As paixões
são assim, repentinas. Mas, quando batem, dão forte. Ando desvairado por uma
senhora. E não me importa nada que se chame Dahlov Ipcar e que tenha nascido no ano
de 1917, prestes a ser centenária. Como não me interessa nada saber como é que
nasceu com o apelido Zorach e tenha decidido ficar com o nome do marido,
que, bem vistas as coisas, também é um bocadinho estranho: Ipcar (que até
parece nome de um instituto público).
O objecto da minha paixão teve – e tem – uma vida
maravilhosa. Nasceu no Vermont, viveu uns tempos em Greenwich Village, NY, mas
fixou-se no Maine em 1937 – e, desde então, pouco de lá saiu. A biografia de
Dahlov resume-se a isto. O resto é trabalho e família, uma existência longa e boa e simples a
desenhar coisas lindas. A partir dos anos 80, muito do que fez Dahlov não
suscita a comoção do belo, havendo até umas rosáceas com animais que mais valia
eu não as ter visto. Mas os livros infantis dos anos 60 são simplesmente únicos.

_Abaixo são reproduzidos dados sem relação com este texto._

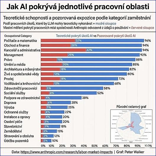 Tohle je nejdůležitější graf pro dnešek. Jak AI dnes zvládá pokrýt jednotlivé pracovní oblasti a z kolika procent se v nich dneska používá. Vývoj SW zvládne například z 96%, používá se jen ze 32%. Kde je vaše pracovní pozice?
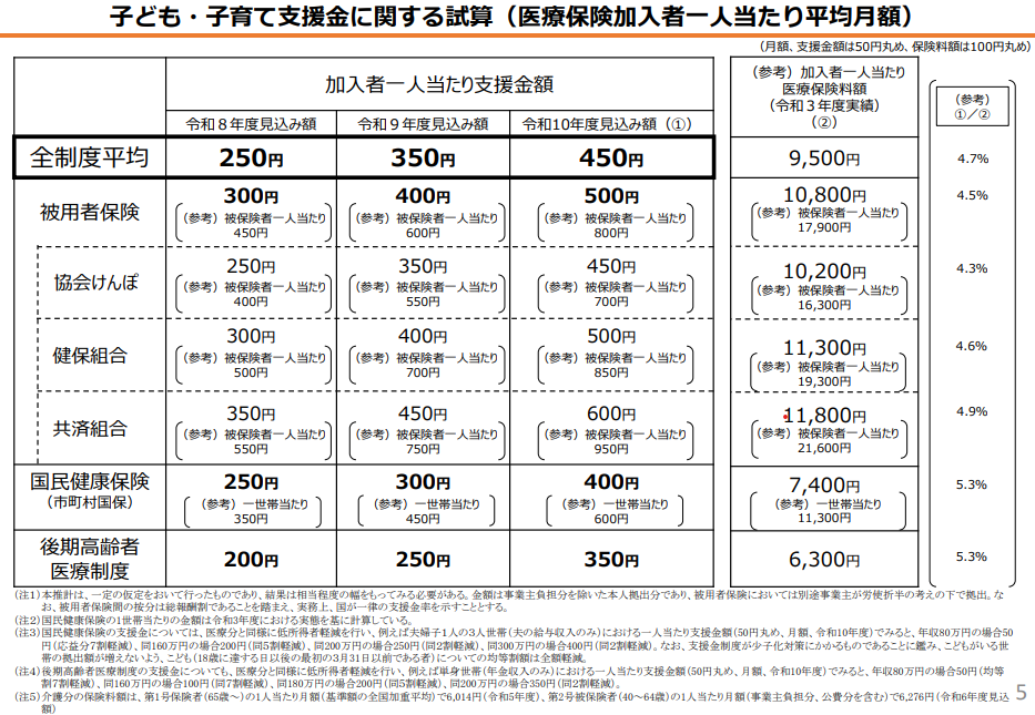 加入する医療保険、世帯、所得の状況等によって異なるが、全加入者1人当たりの平均見込月額は、令和8年度250円、9年度350円、10年度450円程度と推計されています。
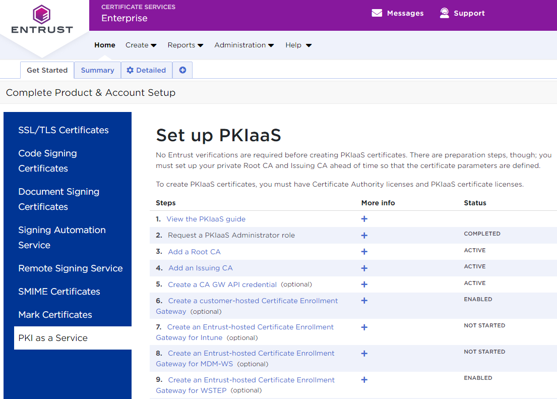 In the Set up PKIaaS pane, click Create an Entrust-hosted Certificate Enrollment Gateway for WSTEP.
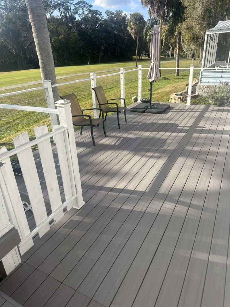 Deck: A long deck offering beautiful views of distant golfers, ponds, nature. Deck is length of the home and is a great part of the selling point of the home. All new poly Vynle deck was just added and so much room for guests. Accessible from both the main bedroom and the All Seasons room.
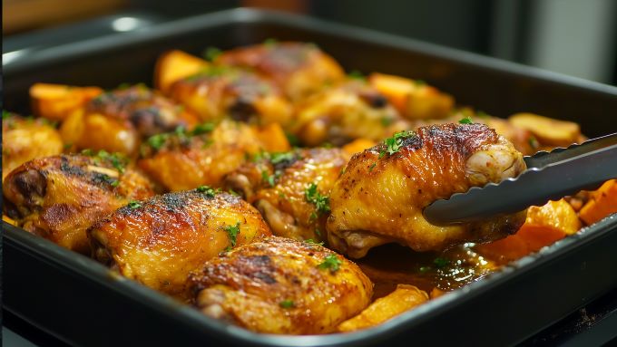 - Ρίχνουμε τη σάλτσα ομοιόμορφα πάνω από το κοτόπουλο και τις πατάτες και με ένα πινέλο αλείφουμε να πάει παντού.
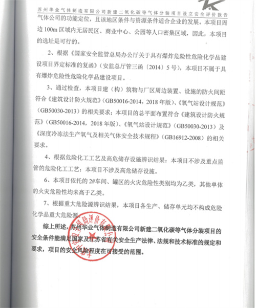 蘇州華業(yè)氣體制造有限公司新建二氧化碳等氣體分裝項(xiàng)目的安全條件能滿足國家及江蘇省有關(guān)安全生產(chǎn)法律、法規(guī)和技術(shù)標(biāo)準(zhǔn)的規(guī)定和要求,項(xiàng)目的安全風(fēng)險(xiǎn)程度在可接受的范圍。 |

Descobri-os há pouco, é paixão recente, tórrida de poucos dias. Hoje falo apenas daquele que considero
o melhor de todos, I Like Animals, de 1960,
reeditado o ano passado pela Flying Eye Books. As fotografias dão uma pálida imagem do talento da
senhora Ipcar, que tem aquilo que alguém já chamou a inteligência amorosa das coisas. Com um grafismo típico dos anos
60, alternando páginas carregadas de cores vivas com outras mais sóbrias na
paleta, I Like Animals é uma delícia
indescritível. Aos 97 anos, fresquíssima, Dahlov Ipcar continua a desenhar e a
pintar, na companhia de netos e cães.
Há uns dias, o Miguel Esteves Cardoso
teve a desfaçatez amiga de se pôr a falar, para mais em Público, da minha generosidade, só por eu mostrar aqui no Malomil o que vou
lendo e encontrando por aí fora. Não há generosidade nenhuma, só a dele, imensa como sempre, na irmandade do twee. Falar de Dahlov Ipcar não é generosidade nenhuma. Esconder a
senhora é que seria um crime. Simplesmente isso, nada mais do que isso.